I saw two of my dearest friends in the world just now as I was leaving the pharmacy with the pain meds I need to make it through the day. I was acutely aware of how I must've looked (they were very gracious about my condition, as they always are). But I also understand that God gives me pain to refine my character - He disciplines those He loves, and He helps through gentle and harsh nudges to guide me into becoming the person He needs me to be while I'm waiting to see Melissa again.
Pain like I'm going through these last several months in particular help me learn patience, tolerance for others and for my own flaws, and empathy for those whose shoes I could never walk in and whose shoes I'm not worthy to carry. I'm learning that all things end, including pain and the far worse symptoms I've dealt with recently. I've learned to rely on people in ways and for assistance I could NEVER have done even when Lissa was here (and which my band parents wouldn't believe I would ever do, I'll bet!). And as my writing gets picked up in more and more forums and formats around the world, I'm learning that while my body may be abandoning me and the opioids are having some deleterious effects I detest, my brain can still serve a purpose for Him while I'm here, and maybe even for my children and myself as well.
Life is not supposed to be a picnic. Prosperity gospel is bull. If it were true, then the apostles would have lived wonderful, blessed lives instead of being persecuted and (in most cases) being killed by the Romans in various and horrific ways. Daniel was thrown into the lion's den to be killed. Joseph languished in an Egyptian prison for two years after being sold into slavery by his own brothers. Moses was exiled for forty years and then forbidden to see the very Holy Land he'd spent forty years leading the people of Israel through the desert to because of one little indiscretion. King David was THE man after God's Own Heart, and he lived his life on the run for years between the time Samuel anointed him (and he slew Goliath) and the time he was finally king - and he spent more years on the run when he was almost overthrown by his own son. He lived a life of ups and downs, just like you and I do. And if neither David nor the apostles nor any other devout man of God could expect to be given a care-free life by being followers of the Lord, what right do you and I have to expect that? None. We are given the opportunity by God to grow as Christians through His trials by fire, and to come out the other side in one piece means we have been refined, and now are that much closer to Christ's likeness.

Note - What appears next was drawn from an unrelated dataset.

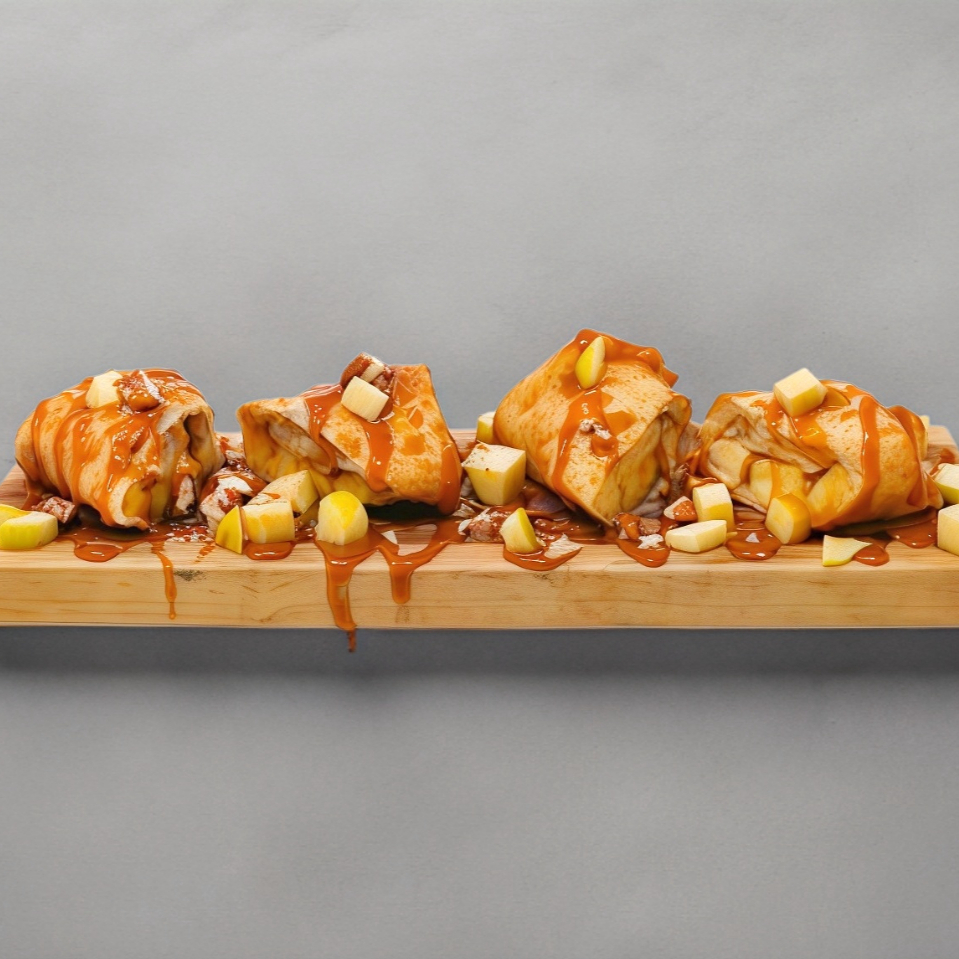 Mini burritos, fritos de egg roll, rellenos de cajeta, nuez y manzana, espolvoreados con azucar y canela

So if anyone is directing sympathy my way, your concern is misplaced. I'm still alive. I have my four youngest children living with me and delighting me every day, my treasured oldest son coming by my house more and more (sharing random math problems because he knows I delight in them!), my wonderful stepson for as long as he chooses to stay, and on top of that I get my beautiful ladyfriend and her charming daughters for companionship as well. And whenever I do eventually die, I get to go to Heaven and be with the Lord. And Melissa. And hopefully both Mom and Dad.
And Emerson.
Post-script:
I woke up this morning, virtually pain free for the first time in about a week and a half. You might take that for granted - I don't. Every moment of freedom from pain is to be savored when you live with it chronically, and the same is true of any aspect of life. God puts us through trials so we will appreciate the gifts He gives us the rest of the time. His treasures far outweigh His trials, even in this world, and when we die as believers and obedient followers of the Lord, we will be through with the trials altogether.
Remember, since God could bring us home any day He chooses, there's a reason you're still here on earth. There's still some good you can do; there's still some lesson you can learn. I try to remember that every day, and especially through the pain. We have a purpose, and that purpose is wrapped up in our membership in God's family of children. Never take that membership lightly - or the duty that goes along with it.